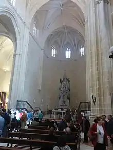 Realizada con planta de salón con ábside saliente, cuenta en su interior con tres naves de desigual altura, la central más alta que las laterales, que al exterior se compensa con los clásicos arbotantes. Carece de crucero y se cubre con bóvedas de crucería sencilla, salvo en el presbiterio y el ábside, que muestran diferentes tramos de nervadura ojival.
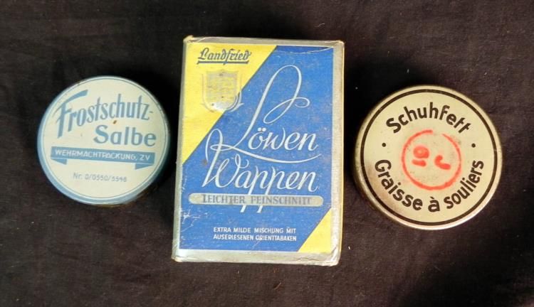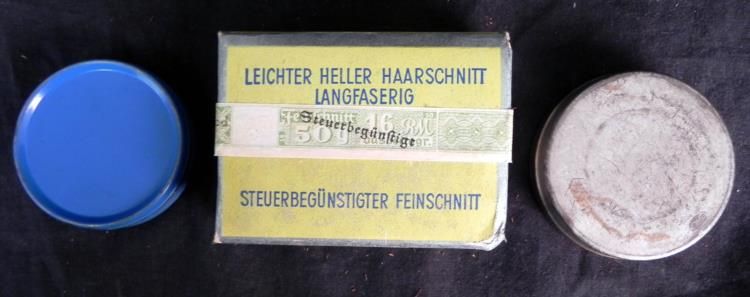 Offered are these WWII German Cigarettes and Tobacco Cans. The cigarettes are unopened and both tobacco cans measure about 2.5 inches in diameter.
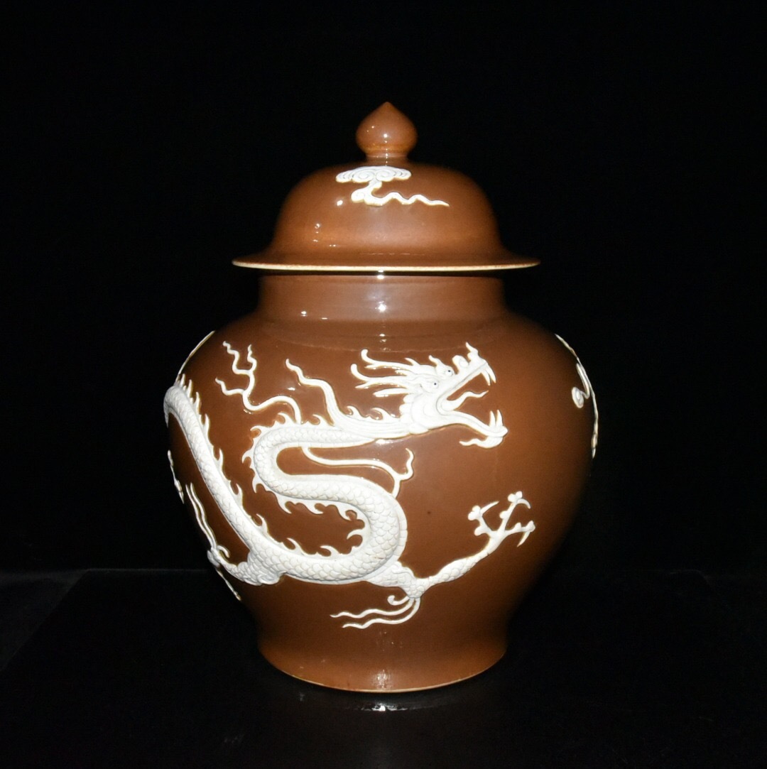 - 【超珍館蔵】元 古陶瓷品 祭黄釉 留白 龍紋 蓋罐 置物 古賞物 古美術品 稀少珍蔵品
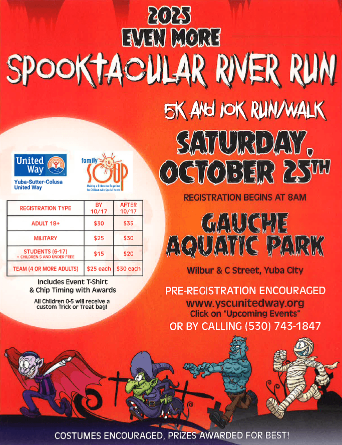 Funds received from the 2025 “Even More Spooktacular River Run” benefit the Yuba-Sutter-Colusa United Way’s 24 non-profit Partner Agencies and our "United Way Born Learning Academy,” and Family SOUP, whose mission is to empower parents with information, workshops, and emotional support helps to ensure that children with disabilities are included as valued members of our community.
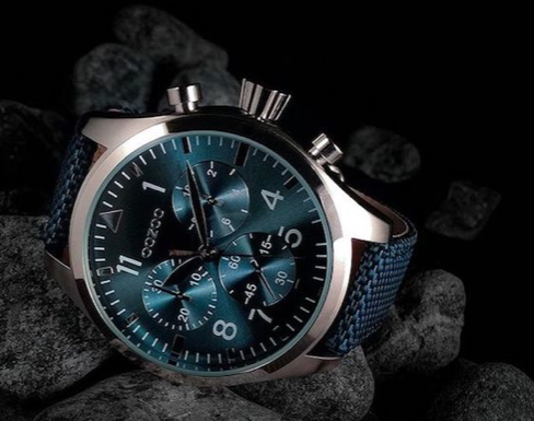这是一款在人造光下拍摄的极具吸引力的产品照片,其中手表的纹理和钟面设计是其主要卖点。

• • • • • • •

* [Exercise directions]
Please restate the material word for word; the pictures stay out.

* [Expected answer]
 Realizada con planta de salón con ábside saliente, cuenta en su interior con tres naves de desigual altura, la central más alta que las laterales, que al exterior se compensa con los clásicos arbotantes. Carece de crucero y se cubre con bóvedas de crucería sencilla, salvo en el presbiterio y el ábside, que muestran diferentes tramos de nervadura ojival.
 Offered are these WWII German Cigarettes and Tobacco Cans. The cigarettes are unopened and both tobacco cans measure about 2.5 inches in diameter.
 - 【超珍館蔵】元 古陶瓷品 祭黄釉 留白 龍紋 蓋罐 置物 古賞物 古美術品 稀少珍蔵品
 Funds received from the 2025 “Even More Spooktacular River Run” benefit the Yuba-Sutter-Colusa United Way’s 24 non-profit Partner Agencies and our "United Way Born Learning Academy,” and Family SOUP, whose mission is to empower parents with information, workshops, and emotional support helps to ensure that children with disabilities are included as valued members of our community.
这是一款在人造光下拍摄的极具吸引力的产品照片,其中手表的纹理和钟面设计是其主要卖点。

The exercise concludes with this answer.